Solution. It is clear that these satisfy the conditions. We will show that no other function works. Indeed, suppose a function $f$ other than those specified works.

Injectivity of $f$ follows since $f(a)=f(b) \Longrightarrow a^n=b^n$ and as $n$ is odd, $a=b$ . Shifting by a constant; let $f(0)=0$ , and for all integers $a$ we get $f(a) \mid a^n$ . As $f(1) \mid 1$ , scaling by a $\pm 1$ factor, we let $f(1)=1$ . For all primes $p$ , $f(p) \mid p^n \Longrightarrow f(p)=\pm \, p^k$ for some $k >0$ .

Firstly, let $f(p)=-p^k$ and observe that $p^k+1 \mid p^n-1$ . Write $n=kl+r$ for $0 \le r<k$ and note that $p^n \equiv p^r\cdot (-1)^l \pmod {p^k+1} \Longrightarrow p^k+1 \le \left|p^r\cdot (-1)^l-1\right| \le p^r+1,$ which is clearly false.

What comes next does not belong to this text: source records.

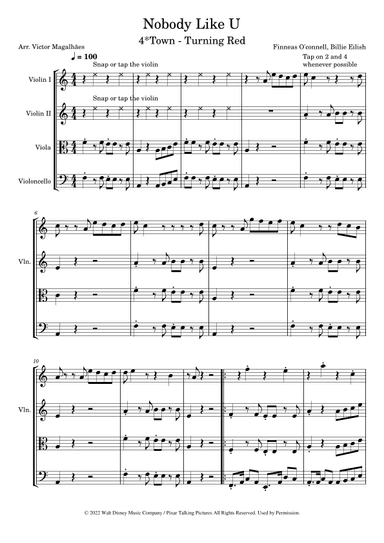 String Ensemble Cello,Double Bass,Piano,Viola,Violin - Level 3 - Digital Download SKU: A0.1189119 By 4 TOWN. By Billie Eilish and Finneas O'Connell. Arranged by Dan Edwards. Broadway,Children,Classical,Film/TV,Musical/Show,Pop. 26 pages. Arr. Dan Edwards #788739. Published by arr. Dan Edwards (A0.1189119). Nobody Like U from Turning Red, written by Billie Eilish & Finneas, arranged for string orchestra & piano by Dan Edwards.Contains a full score (14 pages) and a complete set of parts (Violin 1, Violin 2, Viola, Cello, Bass, & Piano - 2 pages each). Dan is a prize-winning composer, arranger, producer and multi-instrumentalist, and for years was the Staff Arranger for the Countess of Wessex's String Orchestra (part of the British Army) in London. This product was created by a member of ArrangeMe, Hal Leonard's global self-publishing community of independent composers, arrangers, and songwriters. ArrangeMe allows for the publication of unique arrangements of popular titles and original compositions from a variety of voices and backgrounds. The length, difficulty, and retail pricing are determined solely by the discretion of the person who arranged or composed it. About Digital Downloads Digital Downloads are downloadable sheet music files that can be viewed directly on your computer, tablet or mobile device. Once you download your digital sheet music, you can view and print it at home, school, or anywhere you want to make music, and you don’t have to be connected to the internet. Just purchase, download and play! PLEASE NOTE: Your Digital Download will have a watermark at the bottom of each page that will include your name, purchase date and number of copies purchased. You are only authorized to print the number of copies that you have purchased. You may not digitally distribute or print more copies than purchased for use (i.e., you may not print or digitally distribute individual copies to friends or students).
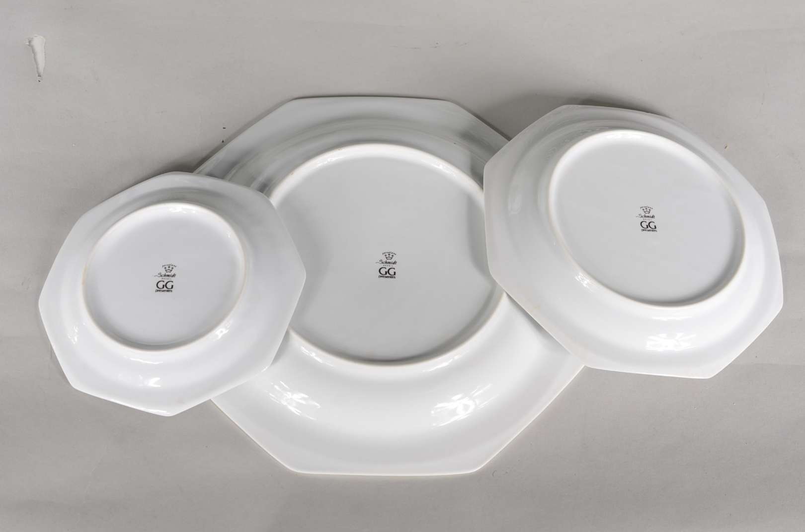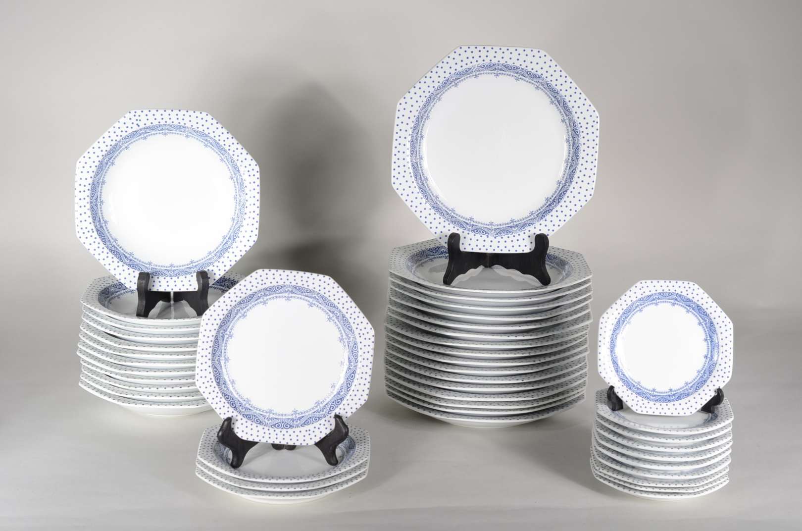 Aparelho para chá e café de porcelana branca com "xadrez verde", composto de: 12 fundos, 5 xícaras de chá com pires,...
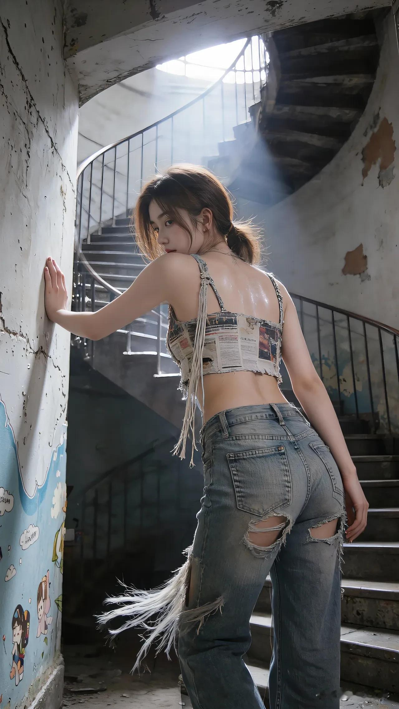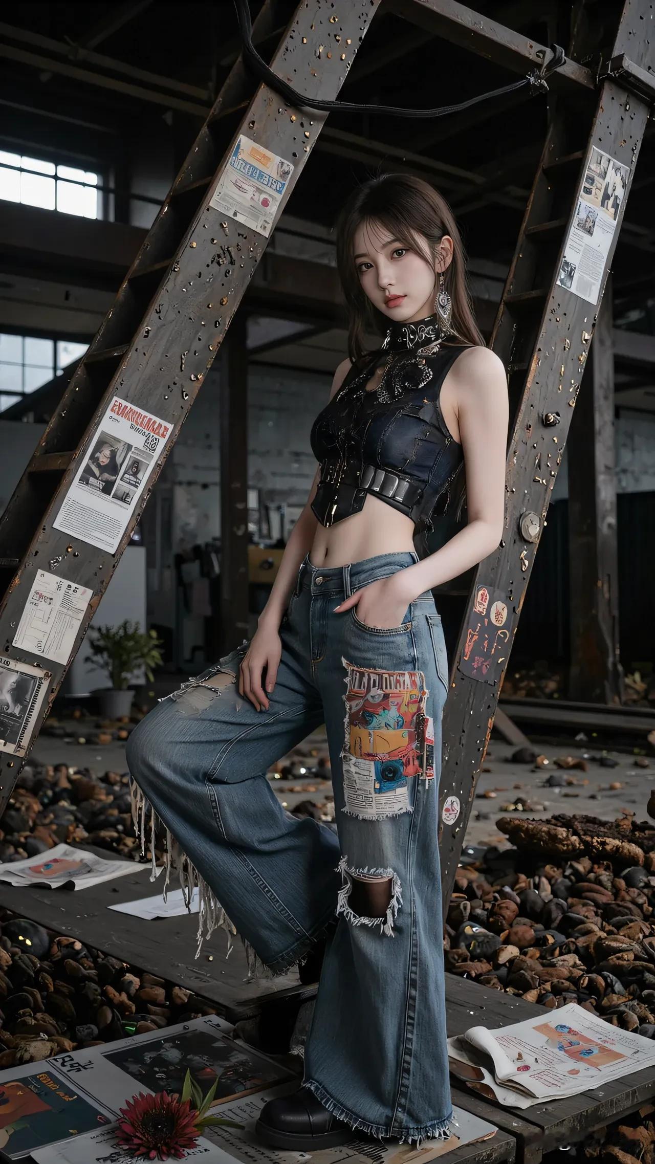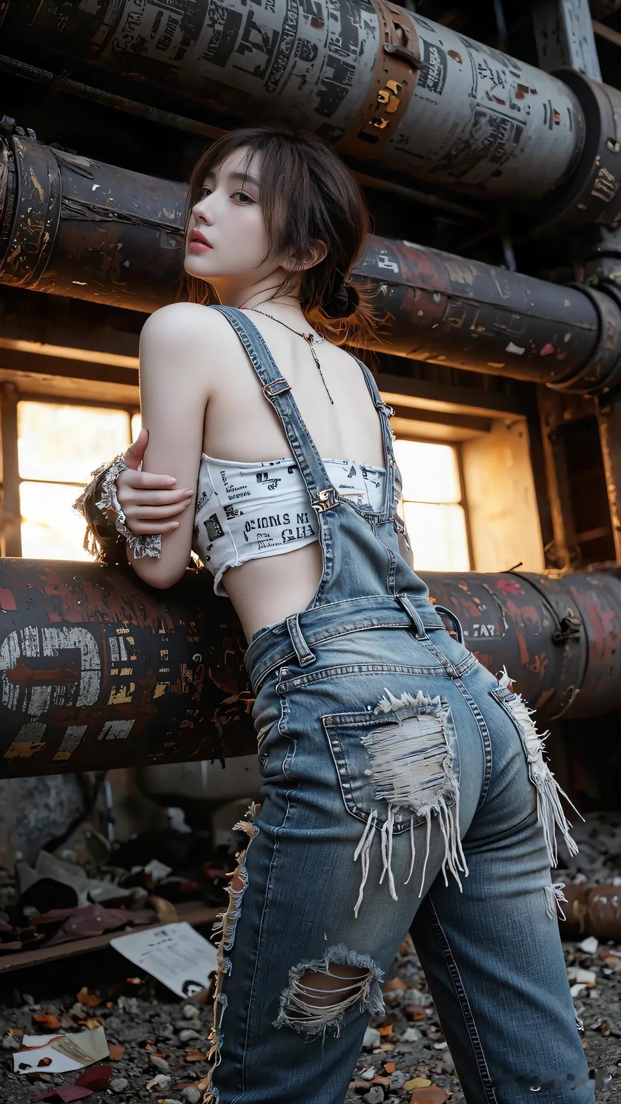 光之影&AI 工业风少女,复古牛仔与现代涂鸦的完美碰撞! 酷感牛仔女孩 时尚牛仔少女

It follows that $f(p)=p^{k_p}$ for all primes $p$ with $1 \le k_p \le n$ . Evidently, there exists $1 \le d \le n$ such that $k_p=d$ holds for infinitely many primes $p$ .

Fix a prime $p_1$ with $k_{p_1}=d$ and vary $p$ with $k_p=d$ . Write $n=md+r$ for $0 \le r<d$ and note that $p^d-p_1^d \mid p^n-p_1^n \Longrightarrow p_1^{md}\cdot \left(p^r-p_1^r\right) \equiv 0 \pmod {p^d-p_1^d}.$ This is fails to occur unless $d \mid n$ .

Finally, fix an integer $x$ with $f(x) \ne x^d$ and vary prime $p$ with $k_p=d$ . It follows that $p^d-f(x) \mid p^n-x^n \Longrightarrow p^d-f(x) \mid f(x)^{\frac{n}{d}}-x^n,$ which fails to hold by taking $p$ sufficiently large. The initial claim holds. $\, \square$